For model-free analyses, we compared choice behavior across the three groups in each phase (learning, transfer, explicit) using generalized linear mixed-effects models (fitglme in MATLAB). These models included fixed-effects predictors for group, trial number, and ΔEV (learning only), and random intercepts and slopes per participant. We employed F-tests (marginal tests) to assess the significance of fixed-effects coefficients, and followed-up with pairwise t-tests. Model-based analyses involved model comparison using Akaike Information Criterion (AIC) to evaluate the evidence supporting RANGE-adapted vs. ABSOLUTE value representations (with participants classified as better fit by one or the other model based on ΔAIC). We also report results using Bayesian Information Criterion (BIC), which penalizes models with more parameters more strictly. Complementary analyses examined continuous associations with days since last use and clinical indicators of opioid abstinence (i.e., craving and withdrawal). Lastly, control analyses assessed the influence of clinical/sociodemographic variables that differed between groups (Table 1), use of other substances, and task setting (remote/in-person), as well as alternative explanations of the data by considering other models and behavior in the control (explicit phase) task.

Results

Choice behavior.

During the learning phase (Fig. 3), all three groups successfully acquired the cue-reward associations. Controls and ≥90-day abstinent OUD participants had similar performance in the NARROW (ΔEV=0.5) and WIDE (ΔEV=5) contexts, supporting range adaptation (Fig. 2 and Figs. S1-2 for direct comparison to Bavard et al. Exp. 7). However, those with recent use (<90-day abstinent group) demonstrated reduced performance in the NARROW context, indicative of absolute-value encoding instead. The generalized mixed-effects model examining trial-by-trial correct choices showed accuracy increased with trial number (F1,11628=14.17, P=0.0002) and differed overall across groups (F2,11628=4.25, P=0.01). Crucially, there were significant interaction effects for group × context (F2,11628=6.09, P=0.002) and trial number × group × context (F2,11628=3.32, P=0.04; all other main or interaction effects, P>0.17, one influential outlier censored, >4 SDs from group mean). Follow-up t-tests showed that accuracy was selectively lower in the NARROW context compared to the WIDE context in those with recent use (t33=−2.53, P=0.02, d=0.43), did not differ in controls (t43=0.75, P=0.46, d=0.11), and favored the reverse (even better learning in the NARROW context) in ≥90-day abstinent participants (t18=−2.42, P=0.03, d=0.56; Fig. 3). Accuracy was also lower in the NARROW context in those with recent use compared to ≥90-day abstinent participants (t51=−2.36, P=0.02, d=0.70; WIDE: P=0.93). Neither OUD subgroup differed from controls in either the NARROW or WIDE context (t<∣1.35∣, P>0.18).

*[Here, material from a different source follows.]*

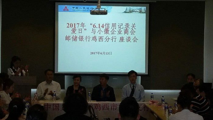 6月13日下午,鸡冠区法院选派法官王剑参加了2017年“6.14信用记录关爱日”与小微企业商会邮储银行鸡西分行座谈会。参加本次座谈会的有中国人民银行、中国邮政储蓄银行,以及小微企业家们。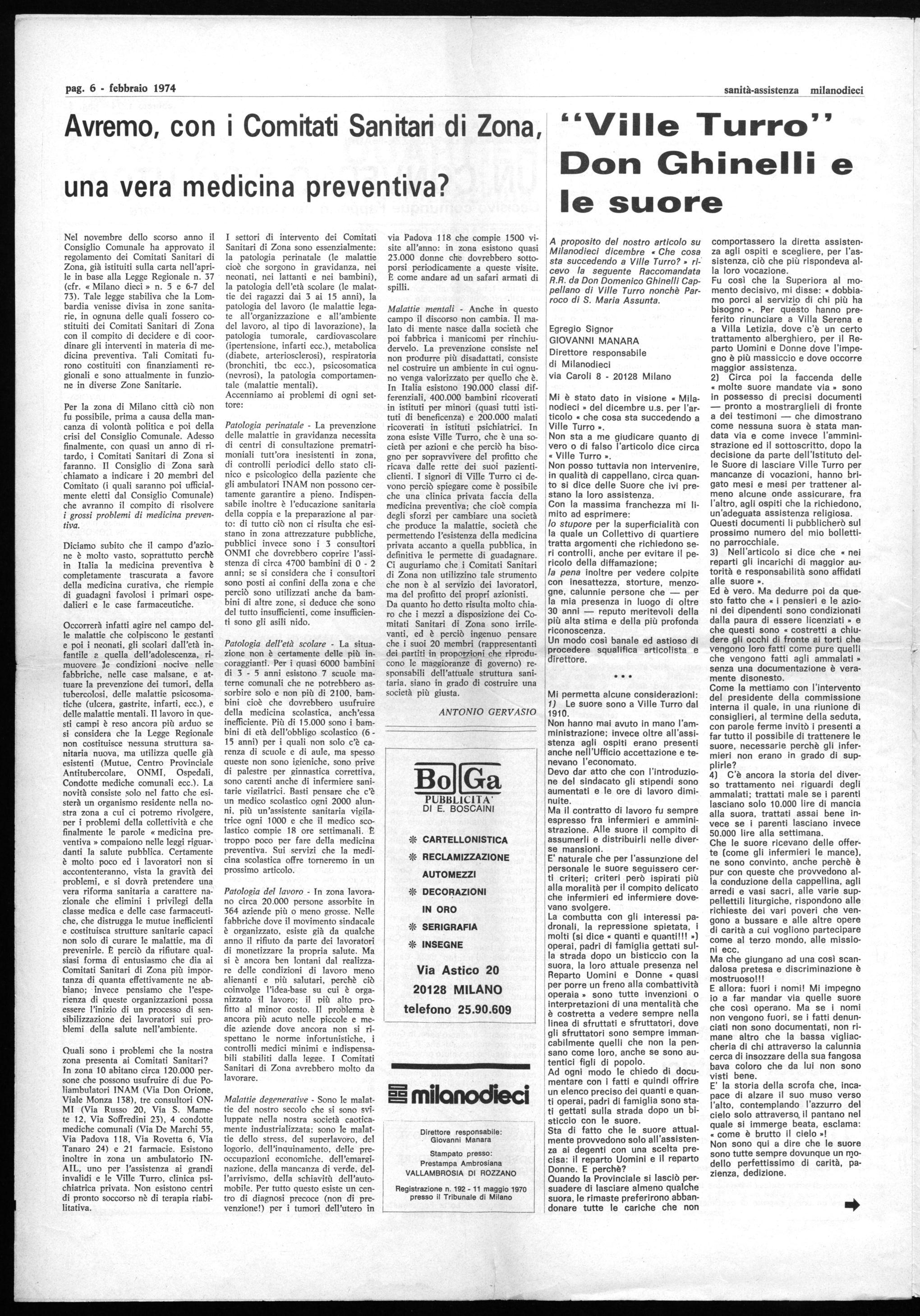 3 - Non suore mandate via, ma nel momento di una riduzione del loro numero, scelta di quelle da inviare ad altro incarico con criterio che è apparso a tutti quello di allontanare le più repressive: e ci va pure bene, non cambia nulla. Non mi sorprende purtroppo che Don Ghinelli non abbia speso una parola sulla sostanza dell'articolo che parla di come NON si deve usare il denaro pubblico per gli interessi dei lavoratori; e qui purtroppo si entra in un problema molto grosso e spinoso, forse troppo per le nostre forze, di come cioè la Chiesa gestisce il proprio potere nella lotta tra il ricco e il povero. Nella nostra Redazione c'è un prete che ha dovuto lasciare il suo ministero ed è stato buttato su una strada senza possibilità di un'occupazione stabile per le sue convinzioni ecclesiali e politiche. Nello studio di un amico avvocato ho visto una lista di 16 imputazioni sulla testa di un prete del Meridione che ha osato schierarsi dalla parte dei lavoratori in uno sciopero; naturalmente per difendersi ha solo la solidarietà degli sfruttati e non la protezione dall'alto. E lo stesso Don Ghinelli adesso per un attacco marginale all'operato delle suore ha sentito il bisogno di scrivere al nostro giornale una lunga lettera senza misurare le parole, ma prima, lui che è stato per 30 anni Capellano a Ville Turro dove lavorano oltre alle suore anche gli infermieri, li avrà visti lavorare per 14 ore al giorno a 52.000 lire al mese, e cosa ha fatto per difenderli? ha sfidato l'Amministrazione ad un confronto?

Fig. 3. Choice behavior during the learning phase.

Fig. 3.

(A-C) Trial-by-trial and (D-F, left) average performance (% choice accuracy, possible range: 0 to 100) in the learning phase for each reward context, NARROW and WIDE. (D-F, right) Difference in average performance between the WIDE and NARROW contexts (ΔPerformance; possible range: −100 to 100). (A, D) Data for n=34 OUD participants abstinent from opioids for <90 days, (B, E) n=20 OUD participants abstinent from opioids ≥90 days, and (C, F) n=44 healthy community controls. Dots represent individual participant data and shaded areas represent group density with box plots for 95% CI and error bars for ± SE. (D-F, left) The dotted line is chance level (50%). (D-F, right) The solid line is null performance difference between the WIDE and NARROW contexts. One influential outlier (>4 SDs) out of range in panel E, right (applying a >3 SDs outlier threshold led to similar overall results). *P<0.05.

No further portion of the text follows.